Abstract
We present a unique case of disseminated Leishmaniasis in an HIV patient. Two different Leishmania species were identified by genomic sequencing in both bone marrow and skin. The Leishmania infection could be suppressed but not cured, despite a high dose of amphotericin B of nearly 65 g over more than 6 years.
Keywords: Leishmaniasis, HIV-coinfection, amphotericin B, CD4 cell count, relapse
Leishmania–HIV coinfection is considered a major threat to the lives of HIV-infected patients [1]. It can present as a cutaneous, muco-cutaneous, or visceral Leishmaniasis depending on the species. Those who are severely immunocompromised with CD4 T-cell counts <200 cells/μL may present with atypical features. Managing such patients is a challenge [2]. We present a case of combined muco-cutaneous and visceral Leishmaniasis with 2 different Leishmania species requiring repeated high doses of amphotericin B for more than 6 years to be controlled but without cure.
CASE REPORT
Our case was a 40-year-old Omani male, an intravenous drug user with a history of extended travel in the Mediterranean region in 1989; he traveled to Oman and southern Yemen, where he stayed for 30 days, then crossed the Red Sea to the Suez Canal. From there, he had different stops in European countries including the United Kingdom, France, Italy, Portugal, Spain, and Gibraltar; he stayed for at least 20 to 30 days in each country. In 1990, he visited Pakistan for 4 weeks.
He presented with oral candidiasis and cystic brain lesions in August 2010. He was found to be HIV-positive with cerebral toxoplasmosis. His initial HIV viral load was 300 000 copies/mL with a CD4 T-cell count of 6 cells/μL. He was started on efavirenz 600 mg, zidovudine 600 mg, and lamivudine 300 mg once daily and received pneumocystis carinii pneumonia (PCP) prophylaxis. He was coinfected with hepatitis C virus, genotype 1B, for which interferon and ribavirin treatment was started. He failed therapy due to noncompliance, but later, in 2016, he responded well to ledipasvir/sofosbuvir treatment.
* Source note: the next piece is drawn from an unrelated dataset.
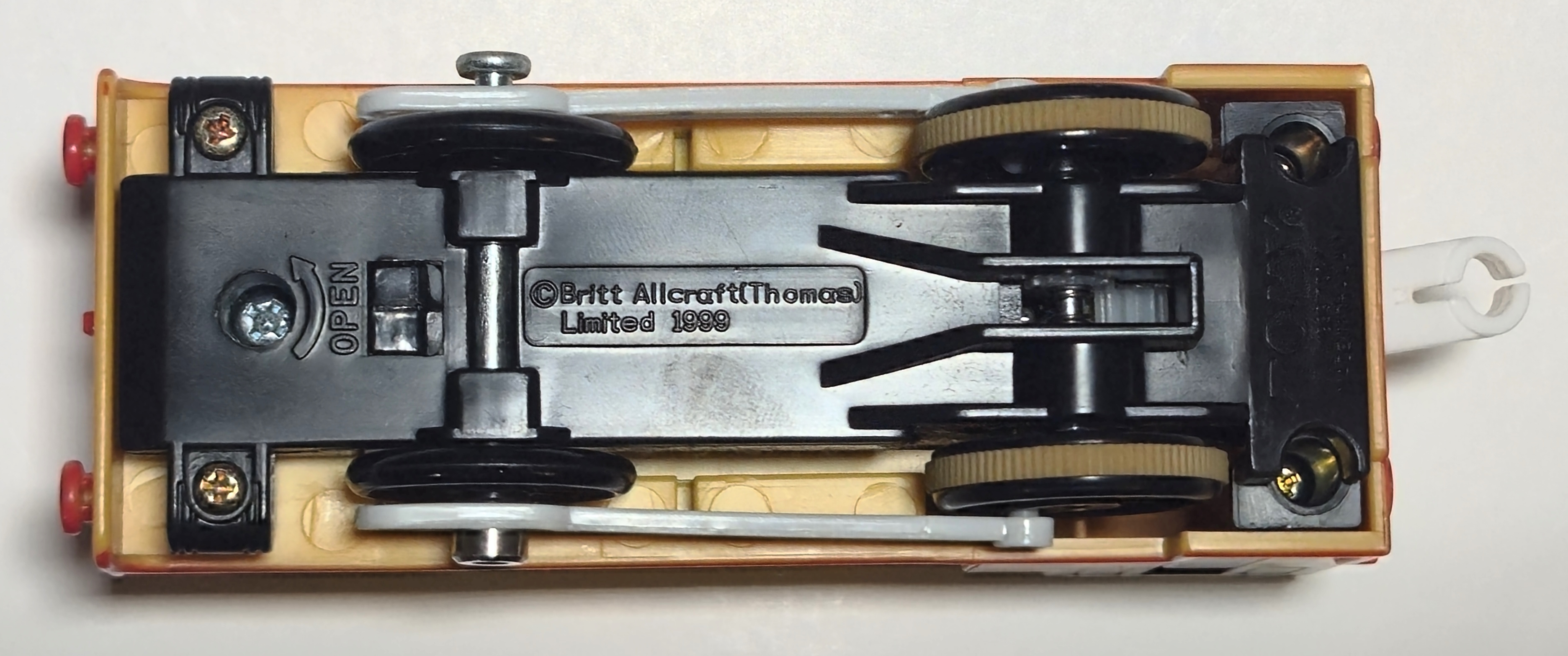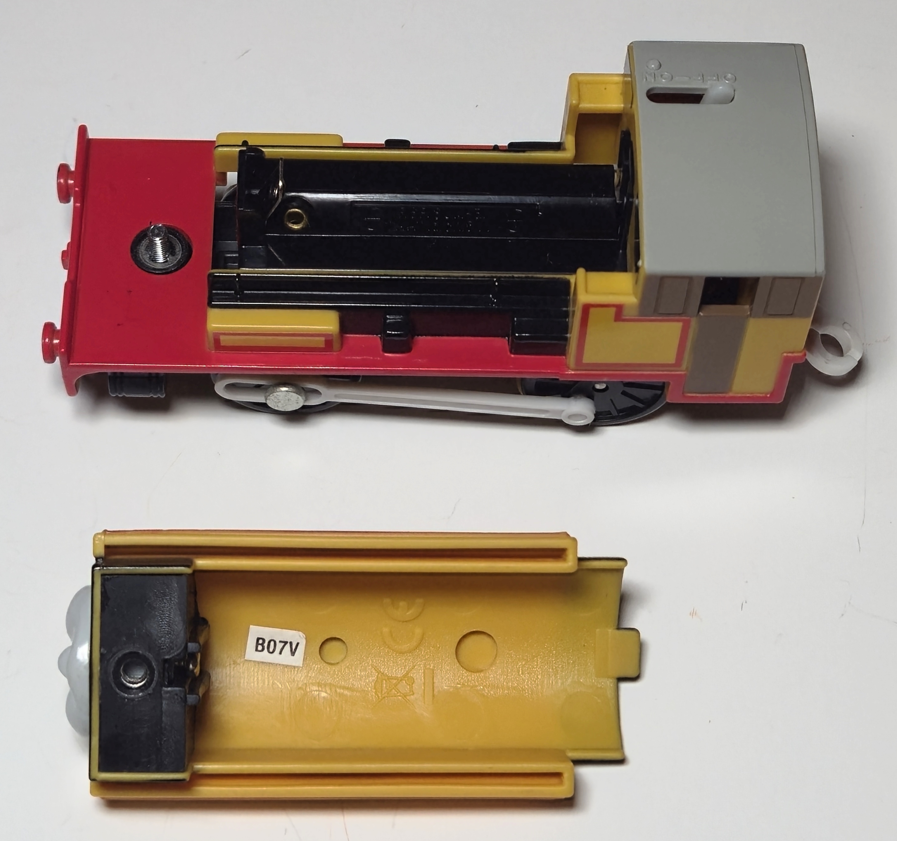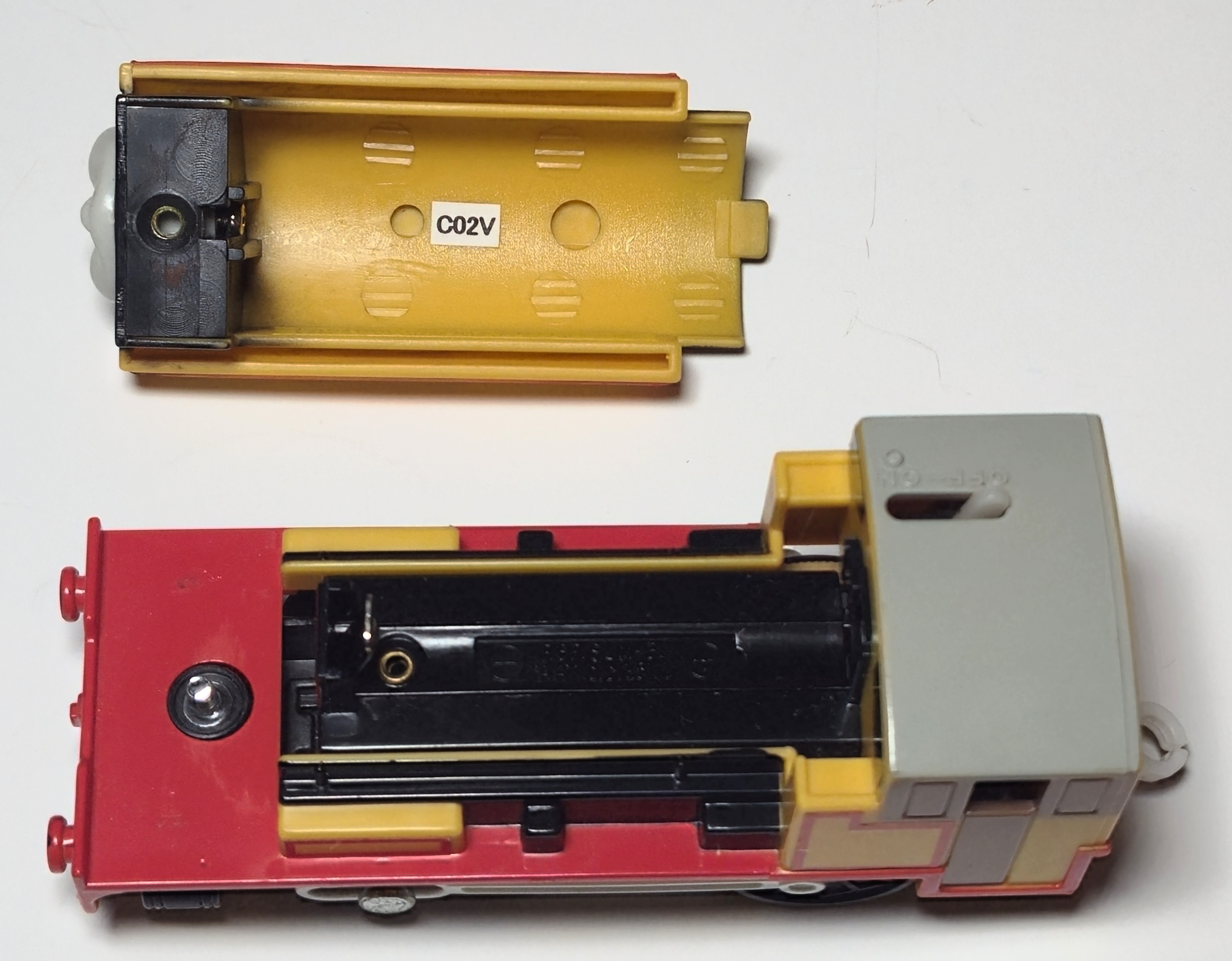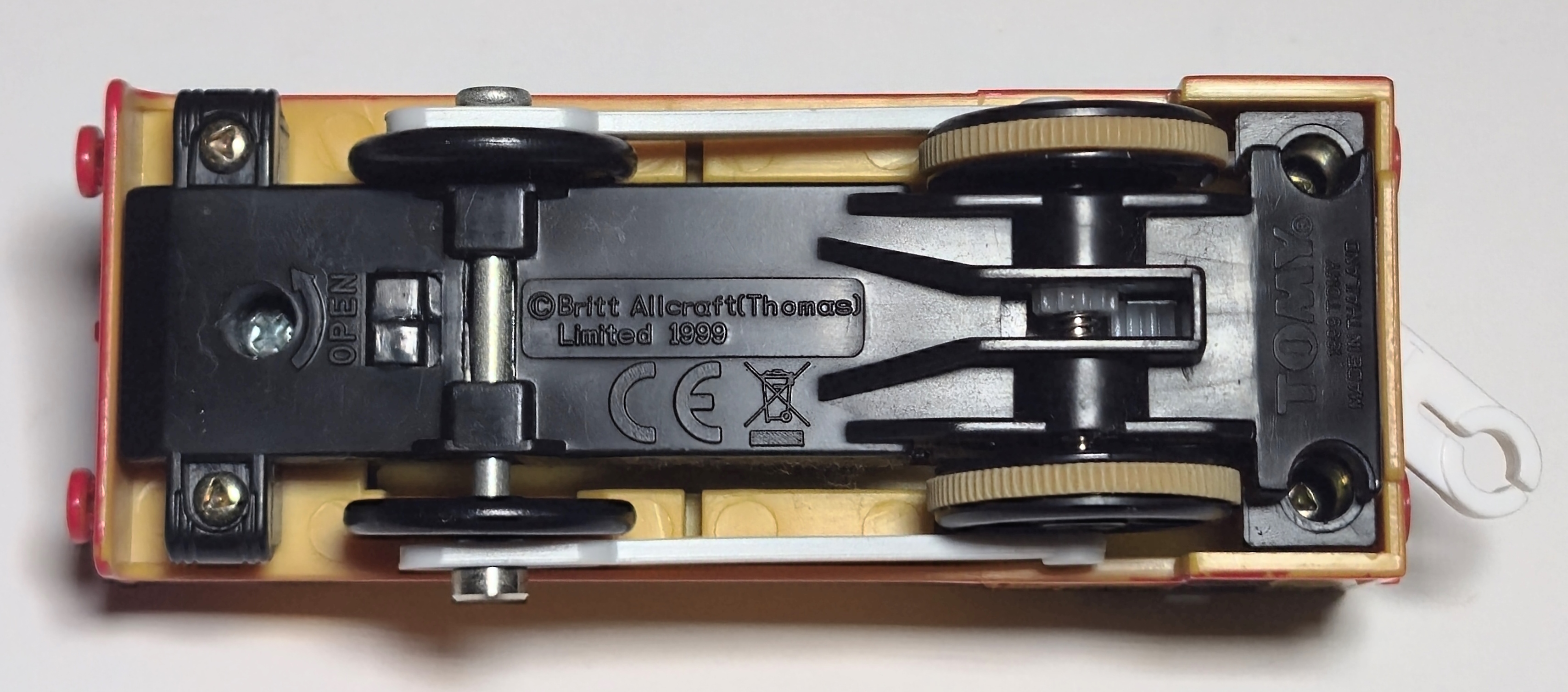 The Tomy logo had been updated to the new squared-off type on the chassis but the CE and do-not-dispose marks were not added until the mid 2000s.

In 2012, he presented with 5 nodular skin lesions, each <1 cm, brownish to purple in color, involving the forehead, fingers, and left lower limb. A skin biopsy from the forehead showed macrophages in the dermis loaded by Leishman Donovan bodies, and cutaneous Leishmaniasis (CL) was diagnosed. The biopsy was negative for HHV-8, dysplasia, and malignancy.
He was managed initially with topical paromomycin, but a few months later, his condition progressed to disseminated muco-cutaneous (MCL) and visceral Leishmaniasis (VL) with new nodular lesions on the limbs, ears, and nose, with nasal bridge destruction, or “saddle nose.”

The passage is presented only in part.